向こう十年間の農政の姿勢を示す食料・農業・農村基本計画は、食料自給率50%の大目標を掲げている。だが、温暖化対策の目標同様、具体策はよく見えない。地域戦略による補強が必要だ。
戦後農政を再び大転換させるという。経営意欲の高い担い手に農地や補助を集中する規模拡大路線から、戸別に農家を支援して、潜在的な意欲を引き出す、個を重視した農政に切り替える。
その上で、現在41%の食料自給率(カロリー換算)を50%に引き上げると基本計画はうたう。前政権の目標を5ポイント上回る。実現は容易なことではない。
政府が自給率アップのために鳴り物入りで導入を試みる農家の戸別補償制度さえ、目標達成にどう結び付けるのか、道筋が示されているとは言い難い。計画全体が未成熟という印象だ。その中で、比較的明快なのが、飼料米の増産だ。十年で生産量を八十倍に伸ばすという。飼料用米の栽培は手間がかからず、耕作放棄地対策にも直結する。国際的に食料事情が窮迫し、輸入飼料が高騰する中、畜産農家の期待も高い。
飼料用米を生産すると、戸別補償以外に、高い交付金が上乗せされる。飼料用米普及に必要なのは、需要と供給を結び付ける仕組みである。そしてその結び付け方は、地域によって異なるはずだ。

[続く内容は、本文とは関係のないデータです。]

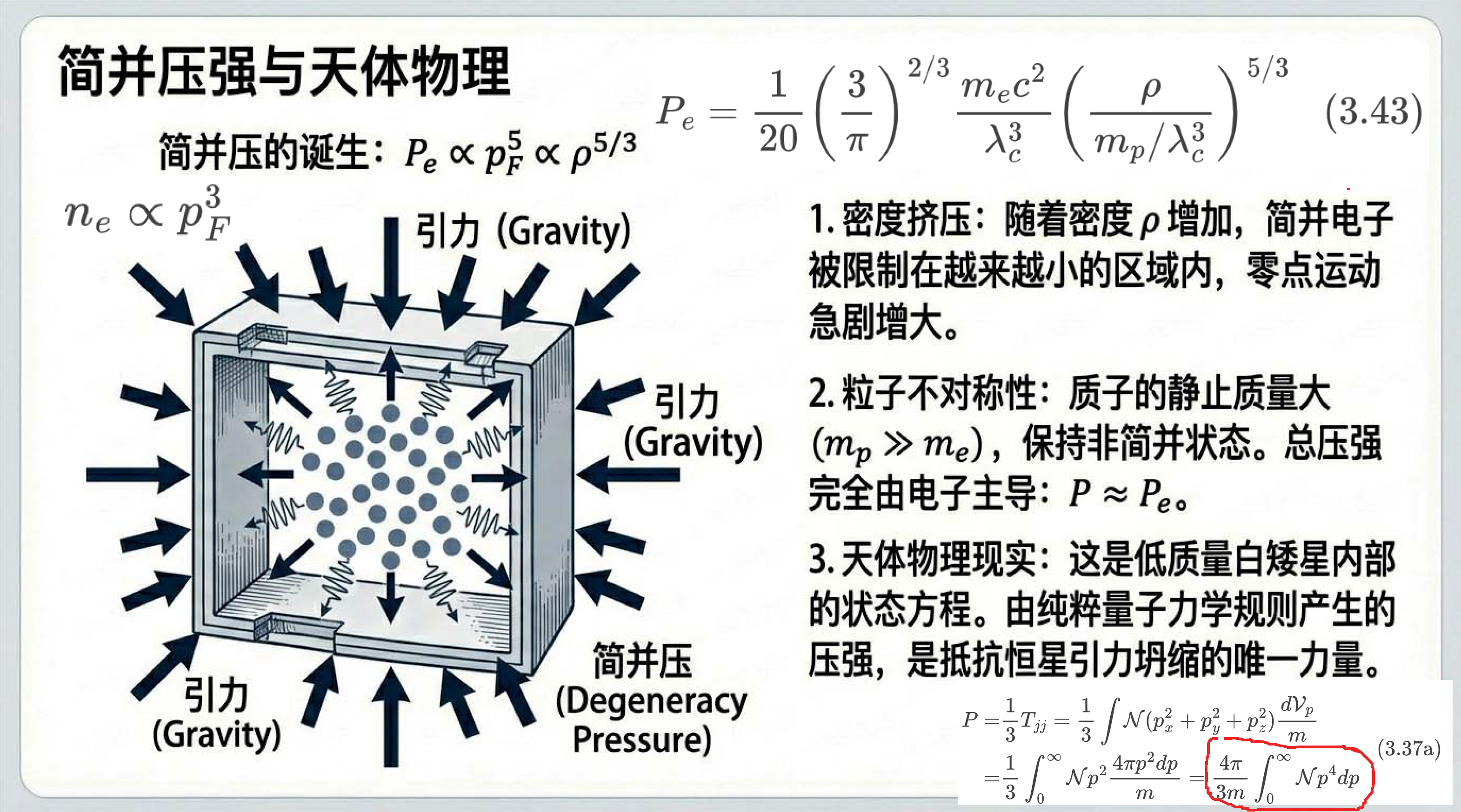 从微观粒子的动量分布到宏观世界的状态方程,物理学如何架起这座桥梁?本课将带你深入动量空间积分的内核,从基本的数密度推导,一步步走向白矮星内部那惊人的简并压。在这里,你会发现泡利不相容原理不仅是量子力学的基石,更是支撑起致密星体的终极力量。

新基本計画のもう一つの柱、加工(二次)とサービス(三次)の機能を併せ持つ農業(一次)の「六次産業化」の在り方も、大都市が背後に控えた関東や東海と、米どころの東北とでは、おのずと違う。担い手への集中支援と戸別農家補償、この二者択一にこだわらず、地域の実情に応じて使い分けが可能な、政策の「複線化」が望ましい。

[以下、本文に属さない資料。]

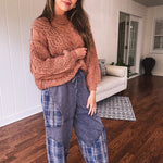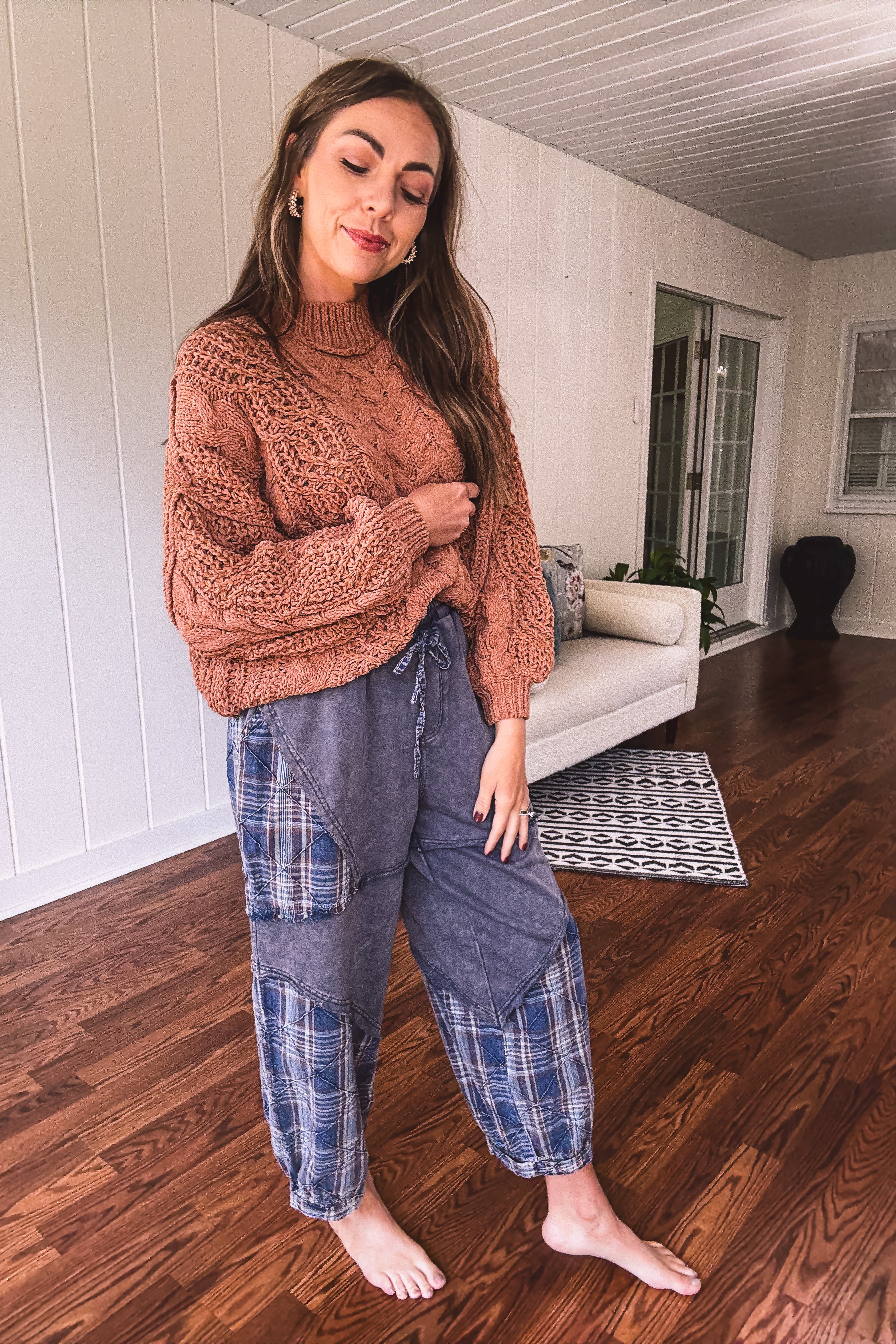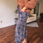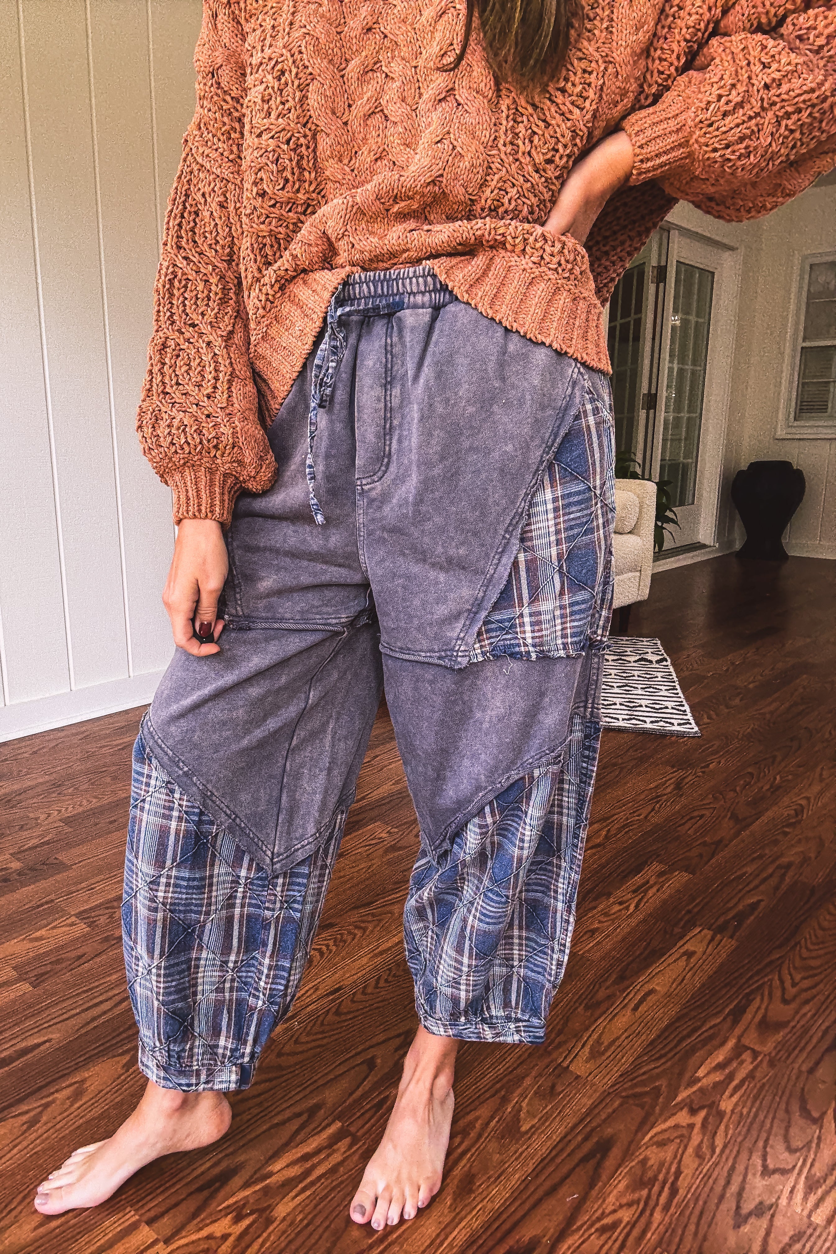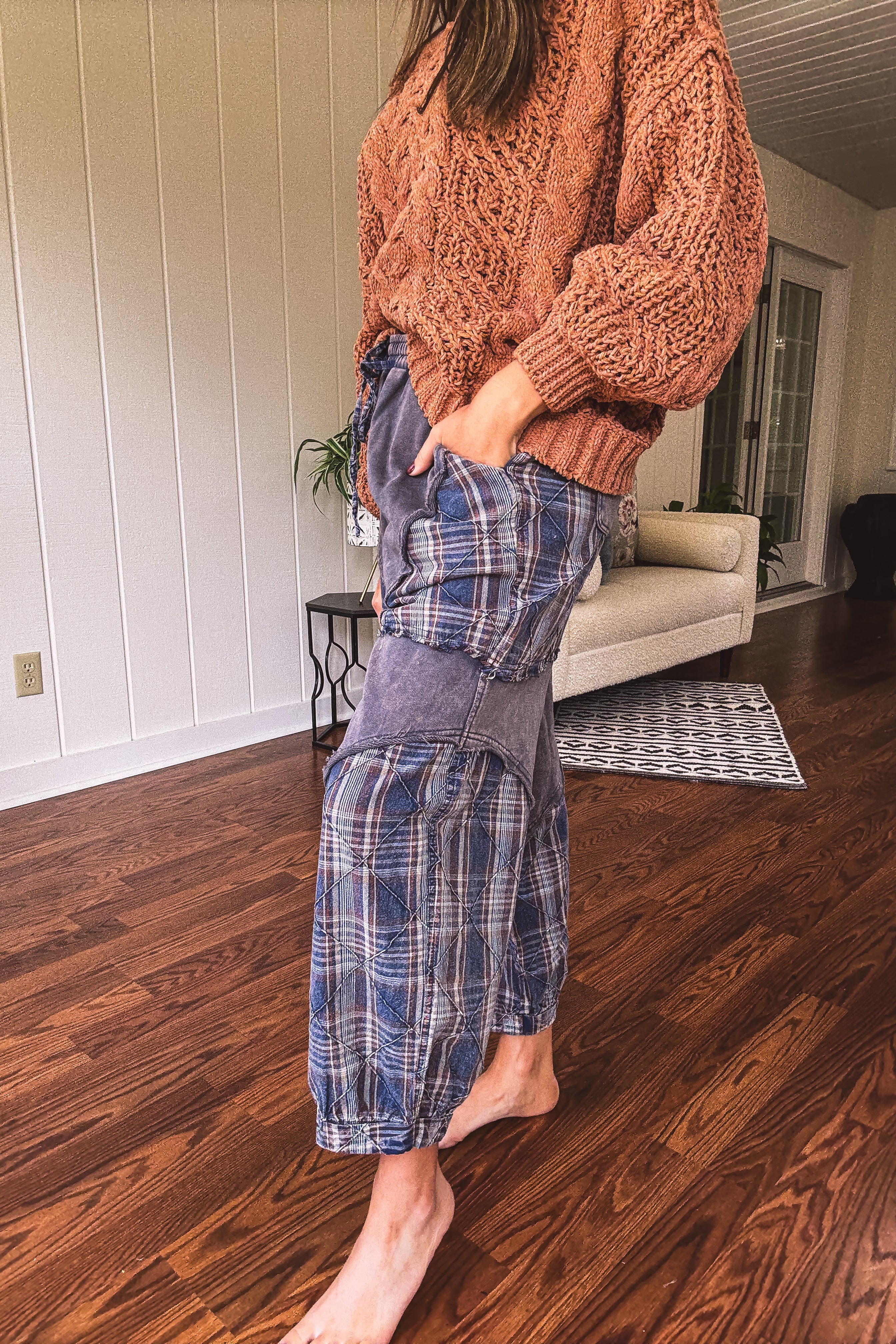 These boho pants blend mineral washed navy terry knit with navy, rust, and taupe plaid cotton for a fun, patchwork look. Featuring a drawstring waist, handy side and back pockets, and cuffed hems, they’re comfy and stylish. Perfect for transitioning from summer tees and tanks to cozy fall sweaters and shackets with effortless flair.

自給率アップのかぎは、地域連携の強化である。この際、新基本計画のもとで地方農政局ごとに、食料の生産、加工、流通などに関する地元のニーズや資源を洗い出し、お互いに活用し合えるような、地域戦略を立ててはどうか。
ことし中日農業賞の優秀賞に輝いた伊豆のワサビ生産者(40)は、静岡県全域で果物や野菜、花などを作る若手農業者、漁業者と「静岡のうりょく塾」を結成し、新たな特産品開発に乗り出した。農家単独ではなく、地域のネットワークによる「六次産業」のビジネスモデル、すなわち農業でもうける仕組みを提示できれば、後継者も増え、自給率向上への道もひらけてくるだろう。